Personal injury lawsuits are not abused in Oregon



    Dennis Powers' guest opinion about personal injury lawsuits in the Mail Tribune Nov. 22, reveals a slanted view, ignoring the body of law currently on the books which controls the very problems he wants to "fix."

    My best guess would be that I tried over 3,000 cases as a circuit judge in Jackson and other Oregon counties for more than 40 years. Since my retirement in 1997, I have conducted several hundred arbitrations and mediations. Prior to my retirement, Susan Saladoff appeared in my court, and I found her to be a very competent, thorough and reasonable trial lawyer.

    Ah, shame on the big, bad personal injury lawyers who go about suing anybody for anything without restraint and who have driven up the cost of medical malpractice insurance for doctors by their huge malpractice verdicts. We can take some slight comfort in the fact that in most cases, particularly personal injury suits, the poor defendant is a large insurance company who can write off its taxes the high costs of defending its insured.

    At least in Oregon, the judicial system has already anticipated frivolous lawsuits. The Oregon Rules of Civil Procedure provide a means by which a party may request the court to dismiss a case which has no merit. If by chance that case goes on through the system, ORS 20.105 provides that attorney fees can be awarded against the party who has brought the frivolous lawsuit.

    In my entire career, I had only one plaintiff's verdict against a doctor for malpractice. I have mediated malpractice cases where the only issue was what was the value of the damages to the plaintiff.

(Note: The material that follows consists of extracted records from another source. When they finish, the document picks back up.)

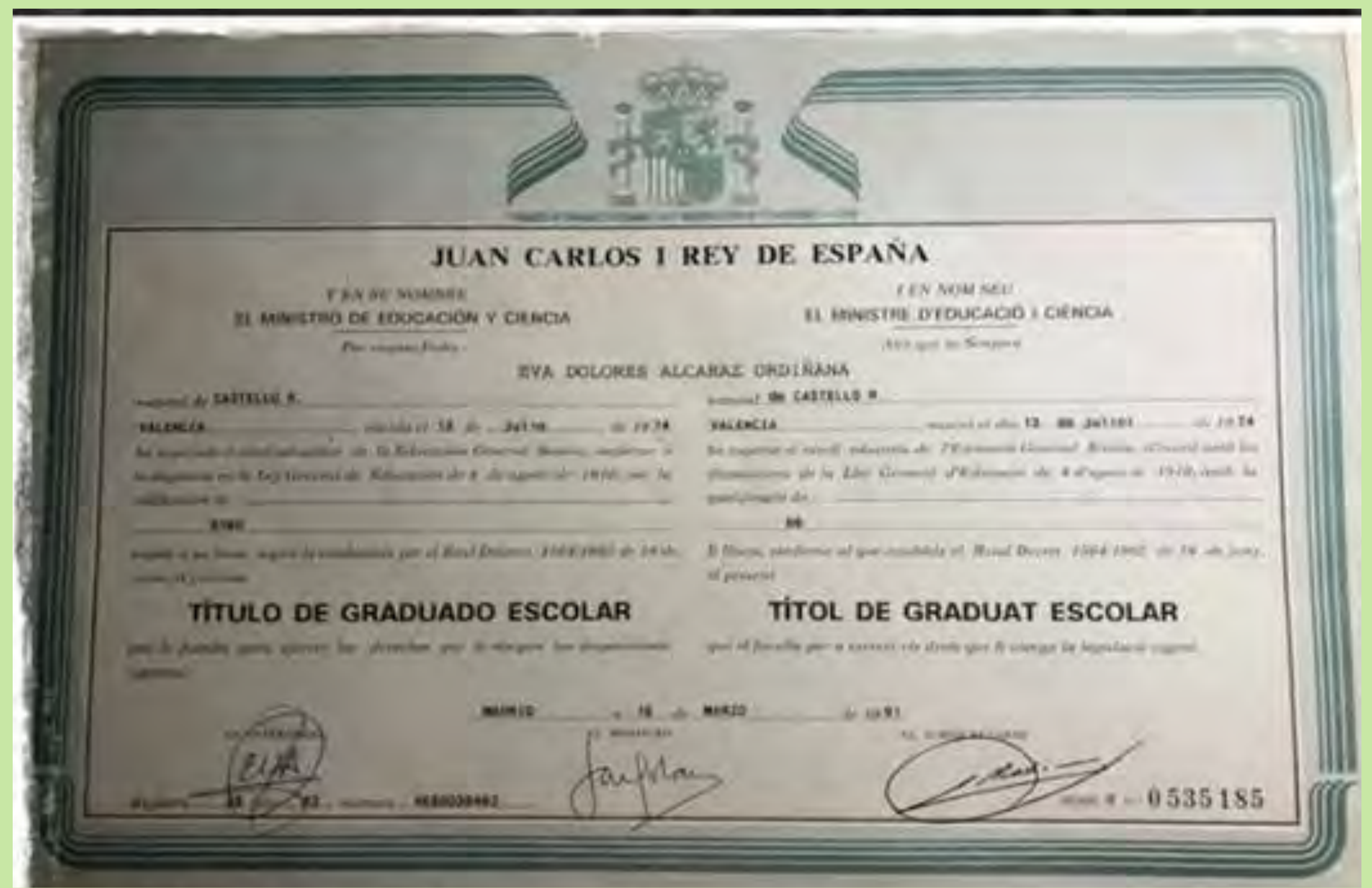
"Aquest és el meu títol de Graduat Escolar que ens donaven en finalitzar l'EGB". CP Verge del Remei. Castelló de Rugat. 1991.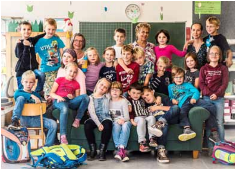
Inklusion-Plakatmotiv - ©Thomas Binn

Den 23. Mai 2017 sollten sich Eltern, Lehrer und alle Interessierten vormerken. Um 19.30 Uhr heißt es „Film ab“ für den Dokumentarfilm „Ich. Du. Inklusion“. Ob Köln, Hamburg oder Berlin - der Film ist am 4. Mai bundesweit in die Kinosäle eingezogen. Thomas Binn, Sozialpädagoge und Filmemacher aus Kevelaer, beleuchtet und dokumentiert die Integration von unterstützungsbedürftigen Kindern in deutschen Schulen seit 2014.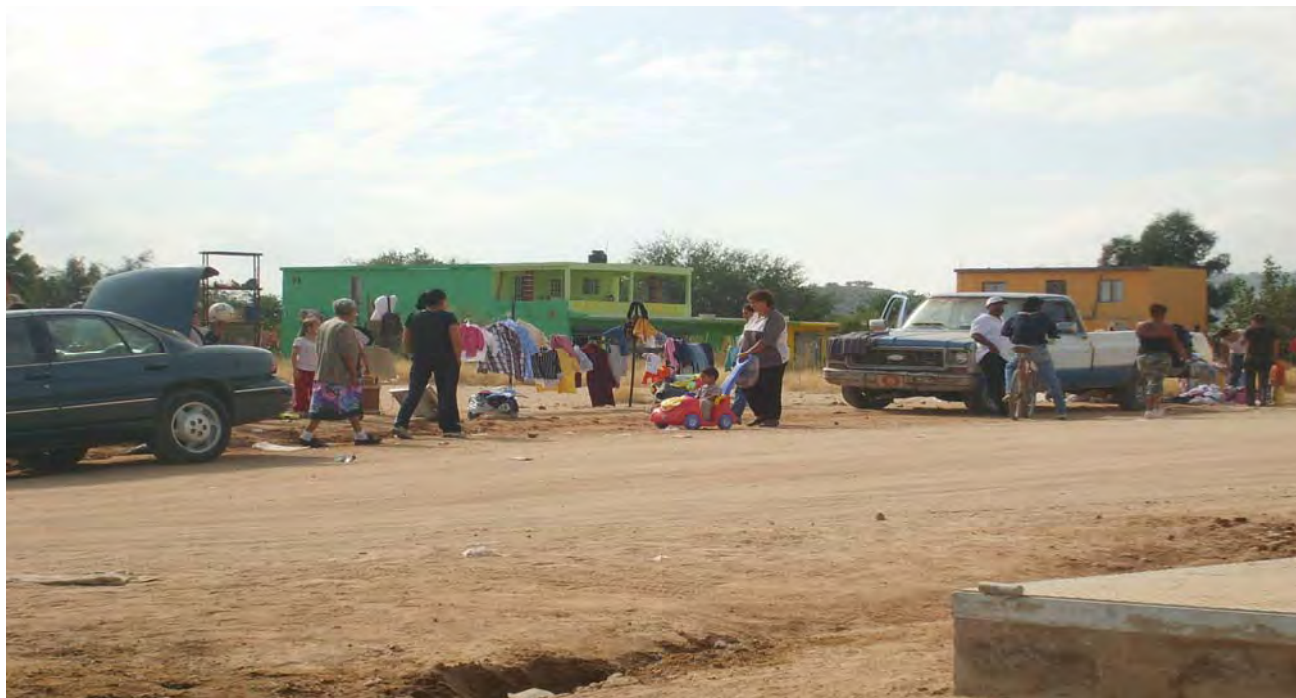
“Algunos vecinos del asentamiento aprovechan los domingos para vender ropa usada en una de las calles principales del asentamiento y obtener un dinerito extra que los ayude con sus gastos diarios”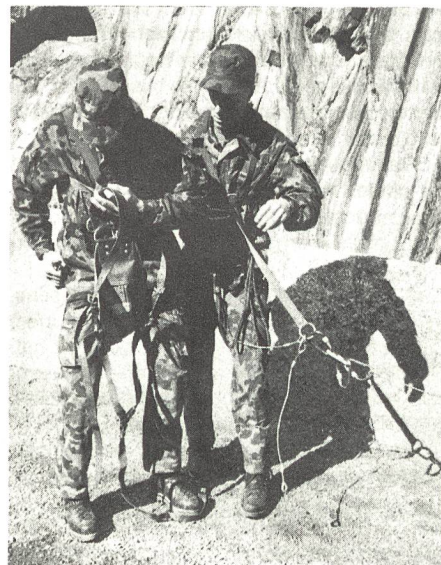
In der «Schöllenen» wurde das Anseilen eines Retters mit einem Verletzten vordemonstriert, was sich in der Höhe des Felsens tatsächlich abspielt.

an steilen Felswänden. Hier muss bedächtig und überlegt gehandelt werden. Ein falscher Griff an den Rettungsseilen kann sich für den Verunfallten wie aber auch für seinen Retter verhängnisvoll auswirken.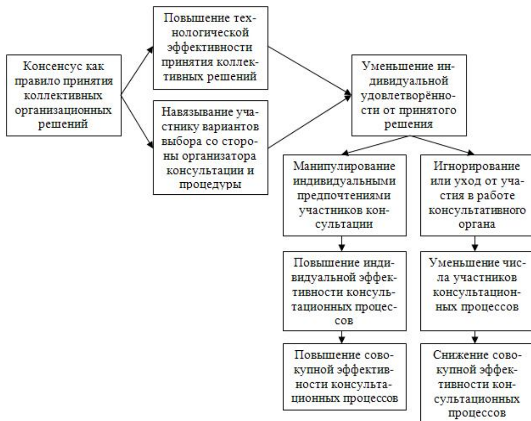
Рисунок 3. Схема-интерпретация «парадокса ограниченного выбора»

Исторически с 1950-х гг. эффективность определялась как одно из ключевых свойств международной консультации и со временем превратилась в фактор, оказывающий регулируемое влияние на ход консультационного процесса. Обнаружена прямая зависимость технологической эффективности консультаций, измеряемой в настоящем исследовании индексом технологической эффективности, от степени манипулирования правилами принятия организационных решений. Консенсус наряду с правилом диктатуры и правилом Нэнсона относится к наименее манипулируемым правилам по шкале Нитцана-Келли, что не даёт возможности участникам консультации изменять консультационные нормы и процедуры для реализации своих частных интересов (осознанных потребностей).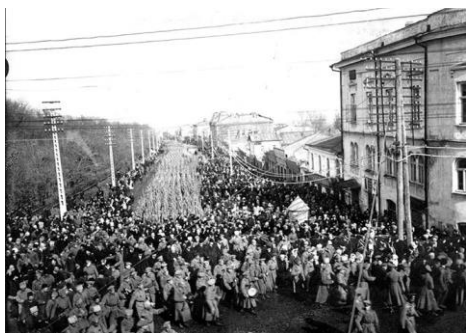
Революция на Ставрополье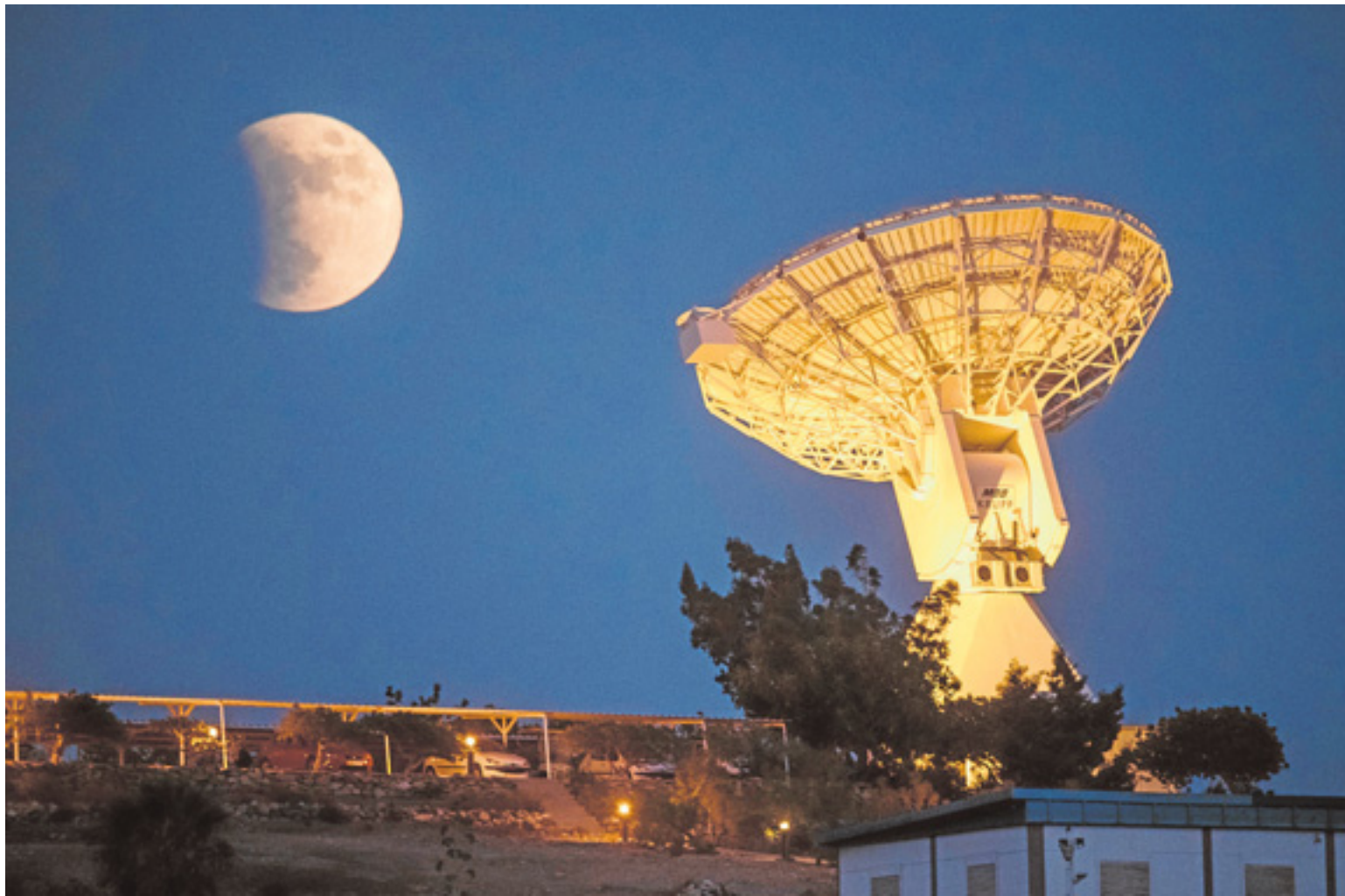
La Luna, con una de las antenas de la estación de Maspalomas en primer término. NACHO GONZÁLEZ ORAMAS

Japón trabaja en el desarrollo de un entorno institucional, científico y económico que permita el desarrollo de futuros proyectos comerciales en el espacio

    How much is a woman's breast worth when it has been removed as a result of a misdiagnosis? How much is a cheek worth when the doctor operated on the wrong side of the face? And, how much is too much when you have a diseased lung, and the doctor removes your good lung?

    Now, what about punitive damages? In Oregon, punitive damages cannot even be included in a claim until the court has had an opportunity to examine the claim and rule that it has some merit. To have merit, in a claim for punitive damages, the defendant must have acted "... with malice or ... a reckless and outrageous indifference to a highly unreasonable risk of harm and ... with a conscious indifference to the health, safety and welfare of others" (ORS 31.730). The standard of proof is by clear and convincing evidence, which is higher than the standard for most civil cases, which is a preponderance of the evidence.

    Punitive damages are rare and subject to reduction by the court if excessive. Oregon's statutes provide that in the event of a punitive damage award, 60 percent of the award goes to the Oregon Criminal Injuries Compensation Account and only 40 percent goes to the plaintiff, and in no event can an attorney be paid more than 20 percent of the amount of the award.

    American Bar Association studies reflect that in the states which have embraced tort reform, there has been little or no reduction in the costs of medical malpractice insurance. And, keep in mind that the huge punitive damage verdicts which get our attention are returned by juries, not the judges or the lawyers. The people of the community must feel that the defendant needs to be punished, or they would not impose such large sums.

    I have great respect for both the plaintiff and defense lawyers who have appeared before me. They have a job to do, and they do it to the best of their abilities.

    I certainly am not saying that our judicial system does not need change. There are many areas in which it can be improved. What I am saying is that we should look at all sides of the issue and be well educated in the real problems before we start fixing things. Ask the person who is confined to a long life in a wheelchair and requires constant care whether we need caps on tort recoveries and general tort reform.

    Loren Sawyer is a retired Jackson County circuit judge.